Saved data entries
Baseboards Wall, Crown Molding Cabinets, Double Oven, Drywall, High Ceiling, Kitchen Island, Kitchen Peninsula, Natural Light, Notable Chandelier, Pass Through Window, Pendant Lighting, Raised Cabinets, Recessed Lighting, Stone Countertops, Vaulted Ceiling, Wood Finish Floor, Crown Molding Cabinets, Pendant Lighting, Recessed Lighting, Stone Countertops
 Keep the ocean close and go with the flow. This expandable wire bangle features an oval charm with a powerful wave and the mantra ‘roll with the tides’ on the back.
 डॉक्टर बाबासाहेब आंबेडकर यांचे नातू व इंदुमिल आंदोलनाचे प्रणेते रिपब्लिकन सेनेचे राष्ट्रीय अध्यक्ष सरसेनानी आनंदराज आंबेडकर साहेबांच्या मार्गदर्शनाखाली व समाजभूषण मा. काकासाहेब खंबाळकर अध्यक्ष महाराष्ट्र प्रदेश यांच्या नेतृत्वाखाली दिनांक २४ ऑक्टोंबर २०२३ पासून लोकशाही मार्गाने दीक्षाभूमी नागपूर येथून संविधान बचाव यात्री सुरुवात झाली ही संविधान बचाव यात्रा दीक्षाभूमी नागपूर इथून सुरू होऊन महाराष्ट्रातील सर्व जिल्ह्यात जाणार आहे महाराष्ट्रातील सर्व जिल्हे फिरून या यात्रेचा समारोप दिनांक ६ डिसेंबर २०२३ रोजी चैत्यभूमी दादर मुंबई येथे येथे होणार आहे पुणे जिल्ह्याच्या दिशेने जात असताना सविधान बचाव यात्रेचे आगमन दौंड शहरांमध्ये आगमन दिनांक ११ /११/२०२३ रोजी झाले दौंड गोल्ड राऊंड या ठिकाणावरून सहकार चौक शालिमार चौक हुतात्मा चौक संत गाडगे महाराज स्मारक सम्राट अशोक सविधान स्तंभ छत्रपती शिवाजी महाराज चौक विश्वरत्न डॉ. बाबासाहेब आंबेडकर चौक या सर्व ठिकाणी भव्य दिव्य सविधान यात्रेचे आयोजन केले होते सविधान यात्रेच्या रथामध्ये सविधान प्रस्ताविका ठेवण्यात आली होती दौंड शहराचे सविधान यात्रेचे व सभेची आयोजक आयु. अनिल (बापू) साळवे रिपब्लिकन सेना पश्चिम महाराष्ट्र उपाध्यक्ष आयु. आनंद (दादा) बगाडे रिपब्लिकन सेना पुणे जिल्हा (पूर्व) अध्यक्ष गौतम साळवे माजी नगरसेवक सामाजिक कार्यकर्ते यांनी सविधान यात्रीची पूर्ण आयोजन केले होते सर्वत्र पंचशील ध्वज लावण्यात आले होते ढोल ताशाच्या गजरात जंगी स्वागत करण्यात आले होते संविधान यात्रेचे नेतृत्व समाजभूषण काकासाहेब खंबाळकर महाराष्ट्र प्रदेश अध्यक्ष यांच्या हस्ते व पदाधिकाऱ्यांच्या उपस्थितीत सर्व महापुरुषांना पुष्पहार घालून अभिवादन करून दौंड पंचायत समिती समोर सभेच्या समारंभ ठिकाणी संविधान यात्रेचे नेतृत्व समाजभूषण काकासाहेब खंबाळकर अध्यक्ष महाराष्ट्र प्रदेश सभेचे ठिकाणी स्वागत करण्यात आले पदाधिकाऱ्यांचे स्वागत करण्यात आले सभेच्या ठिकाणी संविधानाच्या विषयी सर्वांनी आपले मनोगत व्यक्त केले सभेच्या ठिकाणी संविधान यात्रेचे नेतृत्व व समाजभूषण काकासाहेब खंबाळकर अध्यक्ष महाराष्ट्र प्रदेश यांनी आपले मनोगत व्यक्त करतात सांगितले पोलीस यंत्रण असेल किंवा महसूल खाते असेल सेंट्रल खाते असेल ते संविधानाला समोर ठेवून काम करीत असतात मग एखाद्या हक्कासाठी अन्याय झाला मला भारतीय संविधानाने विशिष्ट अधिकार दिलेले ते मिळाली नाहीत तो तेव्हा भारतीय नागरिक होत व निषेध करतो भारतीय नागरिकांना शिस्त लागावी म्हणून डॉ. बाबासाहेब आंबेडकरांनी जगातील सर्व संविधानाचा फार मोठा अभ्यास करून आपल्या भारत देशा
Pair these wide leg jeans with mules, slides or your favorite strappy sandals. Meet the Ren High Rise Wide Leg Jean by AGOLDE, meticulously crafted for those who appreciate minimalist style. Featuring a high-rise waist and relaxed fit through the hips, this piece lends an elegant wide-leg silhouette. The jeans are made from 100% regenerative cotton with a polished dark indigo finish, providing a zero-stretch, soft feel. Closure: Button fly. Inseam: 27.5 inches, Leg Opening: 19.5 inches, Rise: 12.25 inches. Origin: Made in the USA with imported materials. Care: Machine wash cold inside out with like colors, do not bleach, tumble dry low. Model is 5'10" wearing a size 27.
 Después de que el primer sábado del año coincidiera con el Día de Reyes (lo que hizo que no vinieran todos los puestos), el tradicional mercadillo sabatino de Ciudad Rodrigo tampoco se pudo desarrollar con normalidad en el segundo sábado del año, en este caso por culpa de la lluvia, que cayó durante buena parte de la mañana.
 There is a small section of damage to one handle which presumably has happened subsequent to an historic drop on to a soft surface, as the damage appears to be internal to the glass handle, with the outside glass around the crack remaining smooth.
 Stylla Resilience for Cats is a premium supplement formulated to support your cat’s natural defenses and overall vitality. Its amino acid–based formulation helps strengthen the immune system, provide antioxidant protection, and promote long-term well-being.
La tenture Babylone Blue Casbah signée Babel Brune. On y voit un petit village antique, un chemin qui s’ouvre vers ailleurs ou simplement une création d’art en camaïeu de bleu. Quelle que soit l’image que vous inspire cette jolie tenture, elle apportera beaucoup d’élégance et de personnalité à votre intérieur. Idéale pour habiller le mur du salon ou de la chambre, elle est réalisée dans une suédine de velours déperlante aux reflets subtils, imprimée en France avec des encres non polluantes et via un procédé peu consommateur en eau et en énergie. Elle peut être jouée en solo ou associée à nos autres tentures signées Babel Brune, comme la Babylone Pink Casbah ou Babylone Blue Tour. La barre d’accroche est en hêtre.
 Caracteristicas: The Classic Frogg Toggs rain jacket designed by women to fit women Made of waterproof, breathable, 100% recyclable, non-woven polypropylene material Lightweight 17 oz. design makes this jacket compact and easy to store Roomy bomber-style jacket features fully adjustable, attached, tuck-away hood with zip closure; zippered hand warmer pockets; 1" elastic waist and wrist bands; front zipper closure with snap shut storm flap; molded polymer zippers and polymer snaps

DIRECTIONS FOR THIS TASK: Please report every line of the records above that contains the word "features".

TASK ANSWER:
 Keep the ocean close and go with the flow. This expandable wire bangle features an oval charm with a powerful wave and the mantra ‘roll with the tides’ on the back.
 Caracteristicas: The Classic Frogg Toggs rain jacket designed by women to fit women Made of waterproof, breathable, 100% recyclable, non-woven polypropylene material Lightweight 17 oz. design makes this jacket compact and easy to store Roomy bomber-style jacket features fully adjustable, attached, tuck-away hood with zip closure; zippered hand warmer pockets; 1" elastic waist and wrist bands; front zipper closure with snap shut storm flap; molded polymer zippers and polymer snaps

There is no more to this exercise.